Dang. After searching for far too long (like 20 minutes I wont ever get back haha) at home depot and lowes I think I finally found the 'eggcrate' or light diffuser. Shop OPTIX 47-3/4" x 23-3/4" Clear Ceiling Light Panel at Lowes.com

From the picture it looks like it, but not absolutely sure thats it. 

It might be in the ceiling panel section but usually in the light diffuser section next to the fluorescent shop lights.


----------



## VenomR00 (Apr 23, 2010)

At home Depot it is found next to the glass/plexiglass sections OR the insulation for some reason. Lowes Lighting OR plexiglass section =P I go there alot.


----------



## Kaity (Sep 18, 2010)

Hmmm...i never looked by the glass/plexi section. I will go tomorrow. Thanks for the tip!


----------



## JeffP (Mar 2, 2010)

When I've found it, it's not anywhere near the lights. It's actually in the "drop ceiling" section which is at the other end of the store near the insulation and lumber.


----------



## GhostRidr (Mar 24, 2009)

I was in the lighting section at Lowes looking unsuccessfully for eggcrate when an associate stopped to help.
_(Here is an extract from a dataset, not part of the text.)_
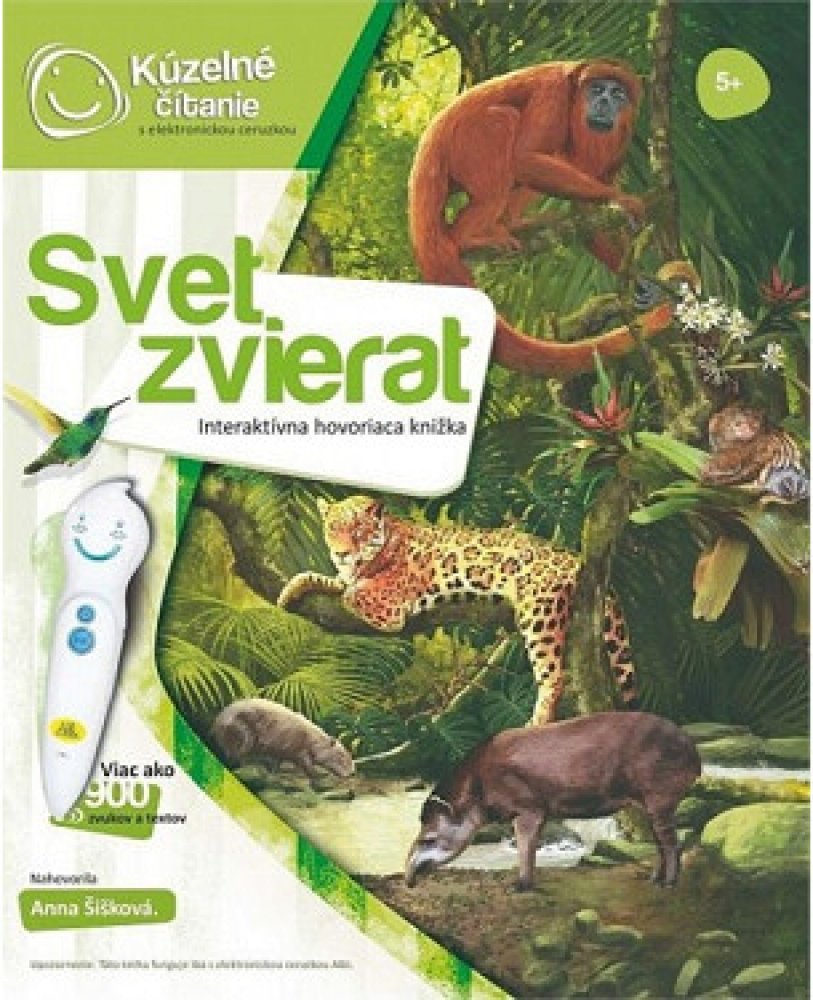 Ponorte sa do sveta zvierat! Zoznámte sa so zvieratami zo všetkých kútov sveta a zistite aké zvuky vydávajú, čím sa živia alebo čím sú jedinečné. Kniha Svet zvierat vás tematicky prevedie ôsmymi rôznymi prostrediami z našej planéty ako je les, savana, púšť, more a ďalšie. Na každej strane sa dozviete, aké zvieratá v danom prostredí žijú, ako sa volajú, aké zvuky vydávajú a čím sú zaujímavé. Svoje znalosti si potom môžete overiť pomocou zábavných kvízov, ktoré sú vždy rozdelené do troch kategórií: nájdi zviera podľa názvu, nájdi zviera podľa zvuku, nájdi zviera podľa zaujímavosti. Knižka obsahuje viac ako 900 zvukov a textov. Knižku nahovorila Anna Šišková Ilustrácie: © Martina Lásková, 2014 Text: © Stanislav Němec, 2014 Rozmery knižky: 22,9 cm x 26,9 cm ISBN: 978-80-89773-01-5 AUDIO SÚBOR Audio súbor (aj podrobný postup ako pridať súbor do ceruzky) nájdete na www.kuzelnecitanie.sk.

It wasn't until I pointed at the very lights they had hanging in the store that he understood what I was looking for, and then it turned out they were all the way in the back, nowhere near lighting.


----------



## kinison (Jul 1, 2010)

When I made my first false bottom and went to Lowes and Home Depot they had no idea what i was talking about. The are actually "light diffusers." You will find them in the light diffuser section and/or drop ceiling section. The ones I buy are called "Egg Crate Lighting Diffuser."


----------



## kadaan (Aug 18, 2010)

I also had a hard time finding it (maybe someone should make a 'common parts and where to find them' thread?)

The first trip I asked for egg-crate and described it, and he had no idea what I was talking about. The second trip (after learning it was used as a fluorescent light diffuser) I looked in the lighting section and asked another employee, but no luck. Third trip (after reading and searching more) I finally found them as others have described; way in the back towards the lumber where the insulation paneling is.

Currently I'm having issues finding the silicone Type I, Home Depot and Lowes only have Type II in squeeze tubes and Type I only in the large cylinders that require the metal gun thing to use.


----------



## DizzyD (Sep 19, 2006)

it's over by the flourescent lights, ya know the 4 footers and such. Industrial lighting section. trust me...


----------



## Kaity (Sep 18, 2010)

I found them! As you guys said they were in the Electrical dept! This was also at a bigger Home Depot than the one I usually go to so maybe mine just doesn't carry them. Thanks to everyone for the info.


----------



## startjumpingship (Jan 19, 2010)

For anyone looking for "egg crate"
Buy Lighting Diffusers and Panels


----------



## RMB (Nov 26, 2009)

Cool, that place has it in black, that would look so much better.


----------